**Input data**
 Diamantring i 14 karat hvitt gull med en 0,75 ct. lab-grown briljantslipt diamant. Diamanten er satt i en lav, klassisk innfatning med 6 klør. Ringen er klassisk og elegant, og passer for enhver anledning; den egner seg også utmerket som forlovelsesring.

==

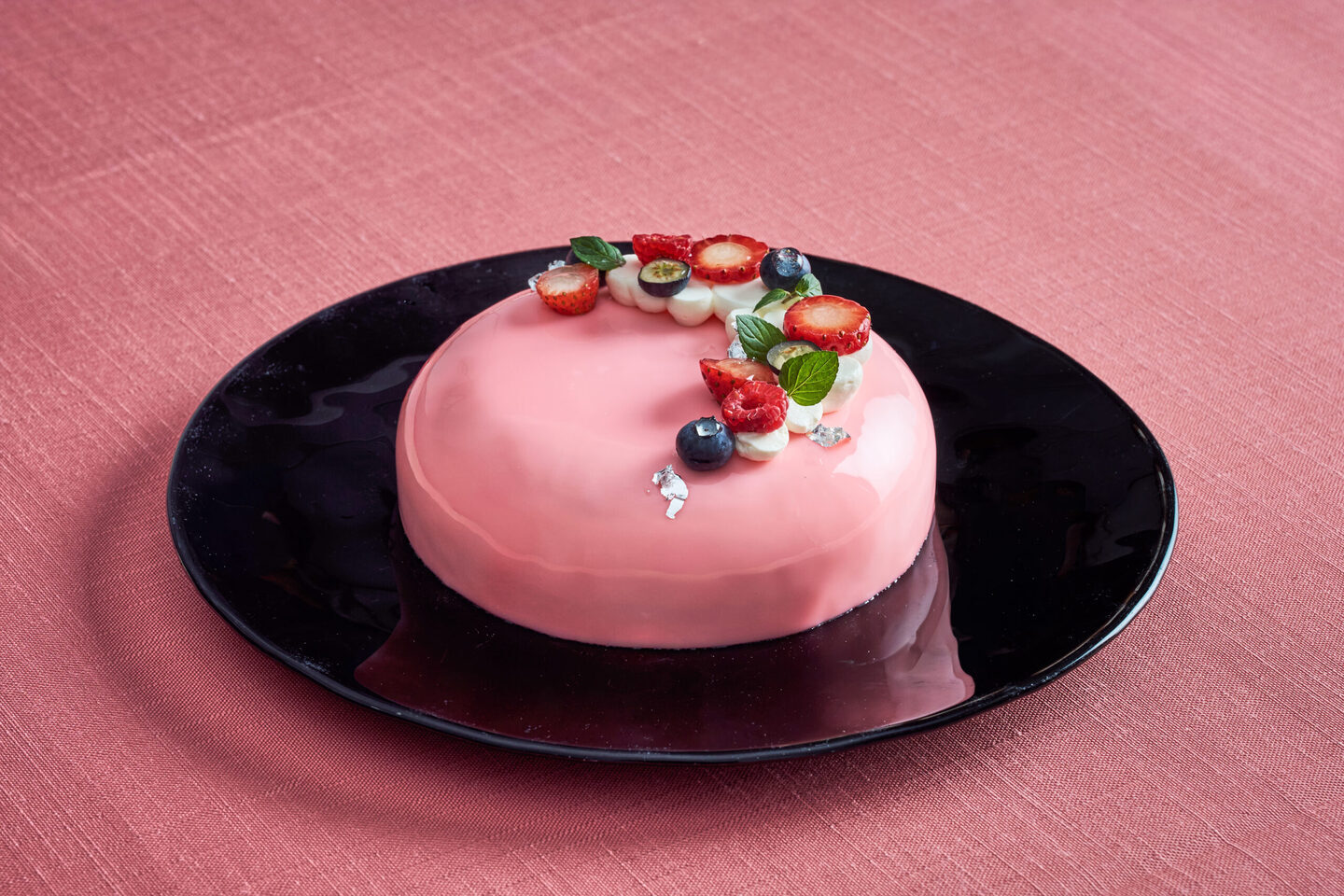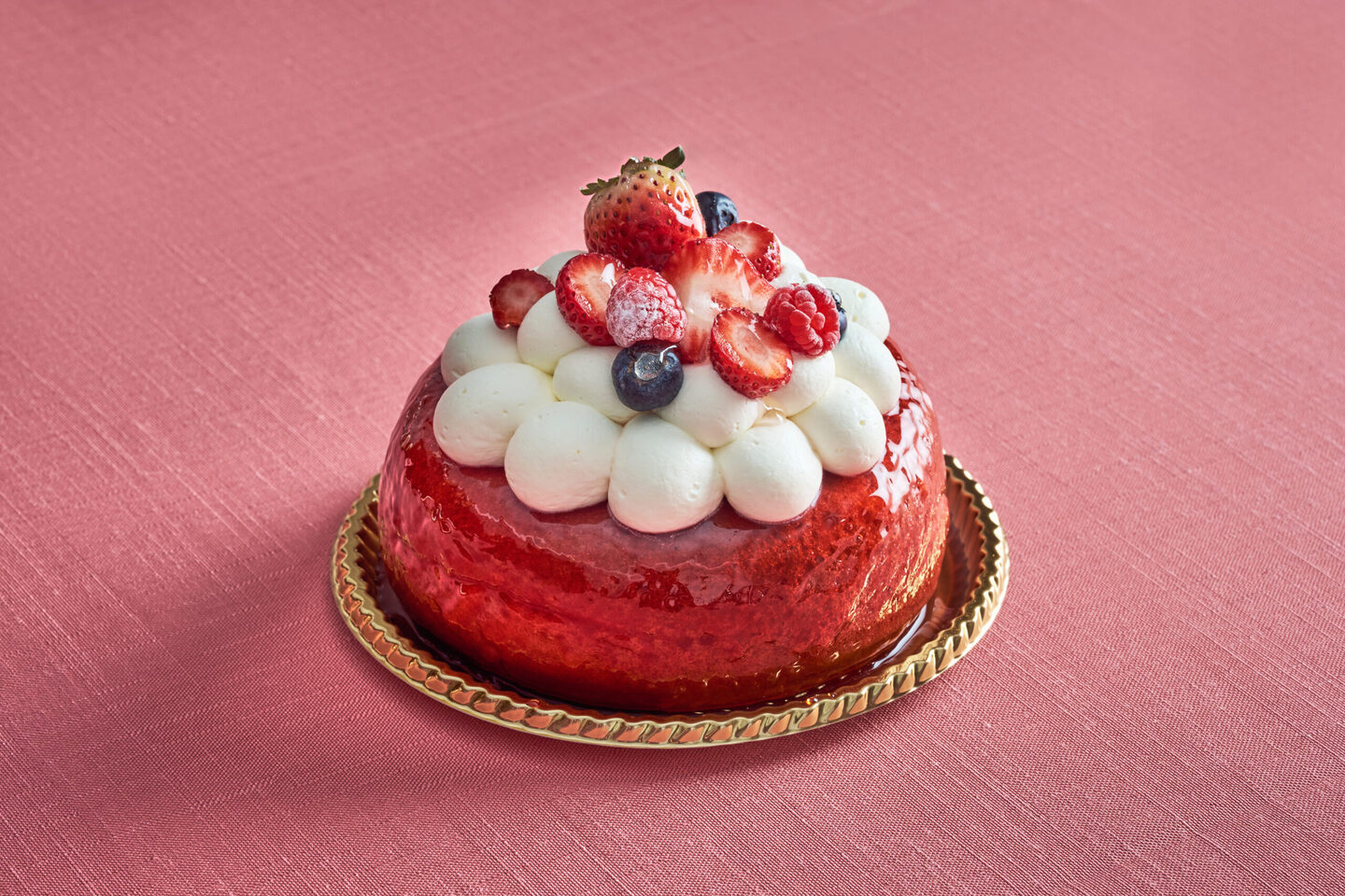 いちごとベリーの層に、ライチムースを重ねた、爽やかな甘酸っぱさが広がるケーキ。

==

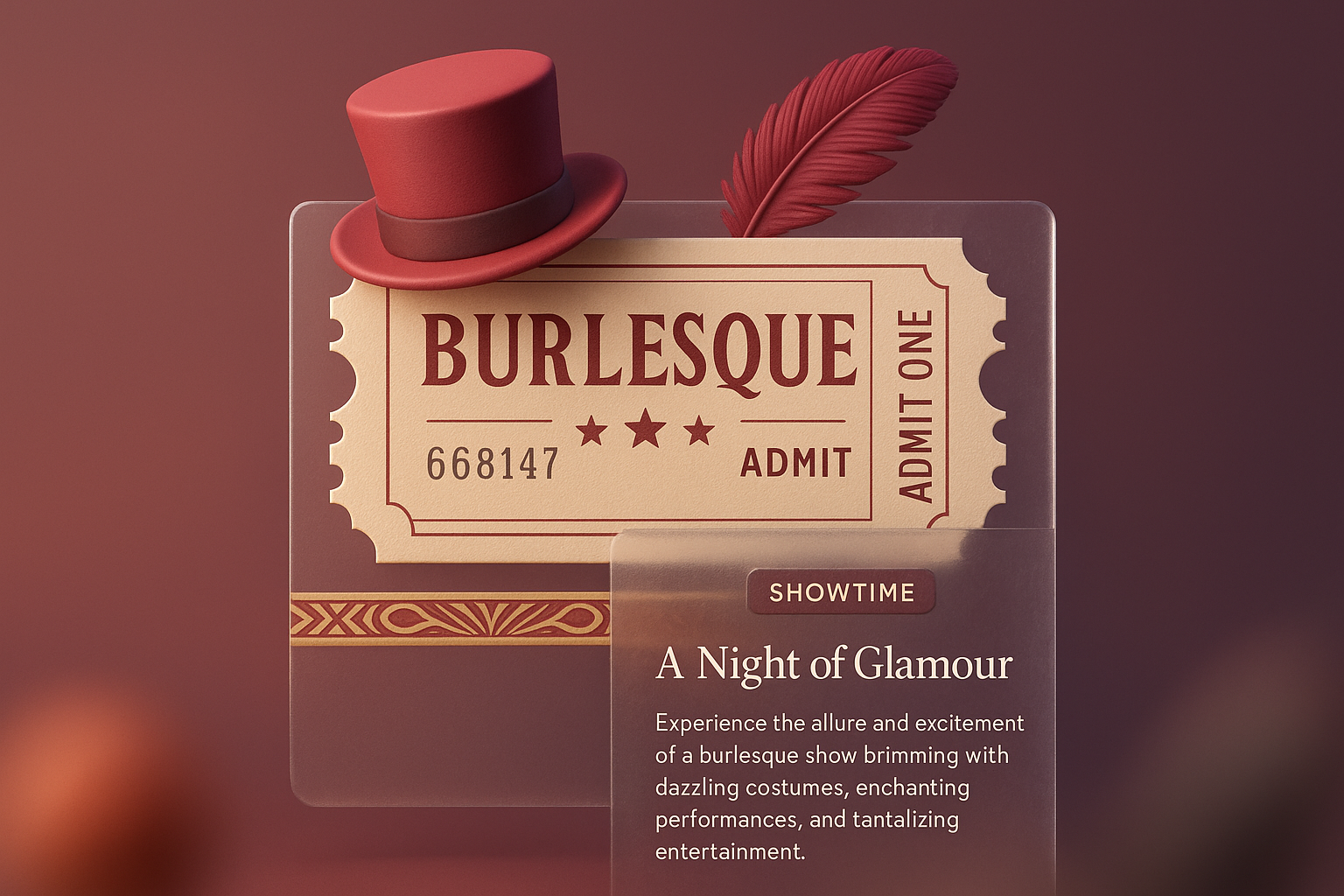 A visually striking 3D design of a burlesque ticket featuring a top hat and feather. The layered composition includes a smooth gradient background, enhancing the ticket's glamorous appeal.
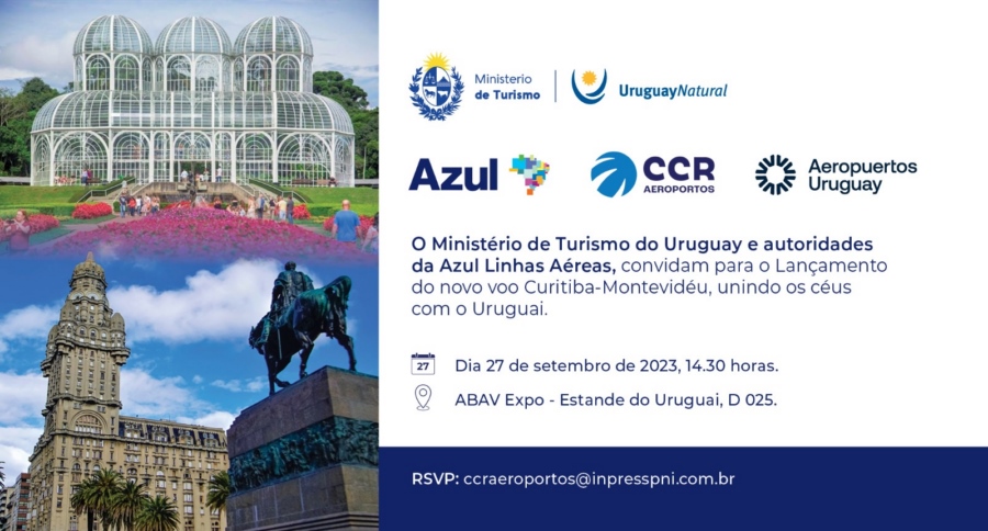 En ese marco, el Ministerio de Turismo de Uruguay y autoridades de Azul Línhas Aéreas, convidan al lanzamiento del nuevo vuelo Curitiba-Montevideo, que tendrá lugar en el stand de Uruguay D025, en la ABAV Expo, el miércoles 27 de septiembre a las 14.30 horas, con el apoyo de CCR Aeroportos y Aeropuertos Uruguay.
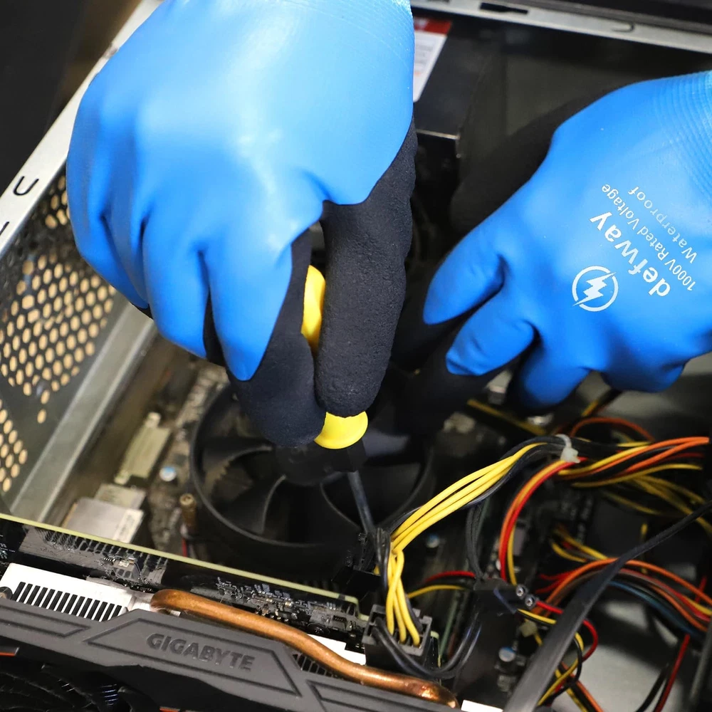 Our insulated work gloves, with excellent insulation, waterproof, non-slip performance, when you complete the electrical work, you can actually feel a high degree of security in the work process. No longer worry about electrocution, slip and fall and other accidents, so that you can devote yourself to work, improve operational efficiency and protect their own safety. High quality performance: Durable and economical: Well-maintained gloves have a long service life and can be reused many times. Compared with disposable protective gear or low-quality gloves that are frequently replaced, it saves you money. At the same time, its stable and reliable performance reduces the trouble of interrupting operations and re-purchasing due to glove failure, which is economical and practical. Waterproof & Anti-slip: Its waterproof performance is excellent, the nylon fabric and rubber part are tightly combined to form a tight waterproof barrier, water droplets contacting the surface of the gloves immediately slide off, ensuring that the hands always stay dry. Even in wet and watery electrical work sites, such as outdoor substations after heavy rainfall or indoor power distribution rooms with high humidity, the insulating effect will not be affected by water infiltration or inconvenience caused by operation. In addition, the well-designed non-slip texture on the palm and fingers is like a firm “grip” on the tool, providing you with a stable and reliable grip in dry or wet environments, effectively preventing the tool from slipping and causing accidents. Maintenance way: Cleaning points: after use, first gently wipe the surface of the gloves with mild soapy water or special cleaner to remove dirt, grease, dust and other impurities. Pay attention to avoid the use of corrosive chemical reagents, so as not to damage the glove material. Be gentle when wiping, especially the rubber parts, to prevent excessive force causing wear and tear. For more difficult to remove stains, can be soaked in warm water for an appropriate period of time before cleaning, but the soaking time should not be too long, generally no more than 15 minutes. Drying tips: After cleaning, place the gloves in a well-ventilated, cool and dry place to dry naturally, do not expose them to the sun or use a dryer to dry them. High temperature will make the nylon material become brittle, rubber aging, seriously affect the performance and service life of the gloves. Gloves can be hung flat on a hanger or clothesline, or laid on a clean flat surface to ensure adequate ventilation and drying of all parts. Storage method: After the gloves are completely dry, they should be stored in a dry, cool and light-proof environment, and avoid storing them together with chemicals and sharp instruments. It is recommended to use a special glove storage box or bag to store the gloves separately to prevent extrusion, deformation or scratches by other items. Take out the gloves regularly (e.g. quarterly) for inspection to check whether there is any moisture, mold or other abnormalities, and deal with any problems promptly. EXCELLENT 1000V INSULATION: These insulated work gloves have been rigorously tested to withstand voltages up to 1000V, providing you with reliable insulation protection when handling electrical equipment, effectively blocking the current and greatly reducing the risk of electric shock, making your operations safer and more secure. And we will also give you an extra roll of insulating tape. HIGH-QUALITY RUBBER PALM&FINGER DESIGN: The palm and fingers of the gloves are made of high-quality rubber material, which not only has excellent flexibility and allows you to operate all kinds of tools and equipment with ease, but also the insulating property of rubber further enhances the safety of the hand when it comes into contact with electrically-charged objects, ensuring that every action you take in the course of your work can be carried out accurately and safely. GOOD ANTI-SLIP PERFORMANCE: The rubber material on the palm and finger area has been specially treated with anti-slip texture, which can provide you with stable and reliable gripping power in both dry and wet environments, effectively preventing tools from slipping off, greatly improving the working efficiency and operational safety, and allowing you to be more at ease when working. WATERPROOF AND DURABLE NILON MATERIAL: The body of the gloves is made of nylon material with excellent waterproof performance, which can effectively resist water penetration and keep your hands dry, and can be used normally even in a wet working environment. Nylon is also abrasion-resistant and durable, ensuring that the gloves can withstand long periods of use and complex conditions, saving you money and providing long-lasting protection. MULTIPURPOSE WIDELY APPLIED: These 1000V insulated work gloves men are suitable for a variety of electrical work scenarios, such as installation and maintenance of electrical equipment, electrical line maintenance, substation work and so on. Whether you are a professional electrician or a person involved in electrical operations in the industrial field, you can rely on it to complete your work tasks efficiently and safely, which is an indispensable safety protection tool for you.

**What the task requires**
In the data above, take the line with "A visually striking", the line with "En ese marco, el", and every line between, and set them down exactly without pictures.

**Reply to the exercise**
 A visually striking 3D design of a burlesque ticket featuring a top hat and feather. The layered composition includes a smooth gradient background, enhancing the ticket's glamorous appeal.
 En ese marco, el Ministerio de Turismo de Uruguay y autoridades de Azul Línhas Aéreas, convidan al lanzamiento del nuevo vuelo Curitiba-Montevideo, que tendrá lugar en el stand de Uruguay D025, en la ABAV Expo, el miércoles 27 de septiembre a las 14.30 horas, con el apoyo de CCR Aeroportos y Aeropuertos Uruguay.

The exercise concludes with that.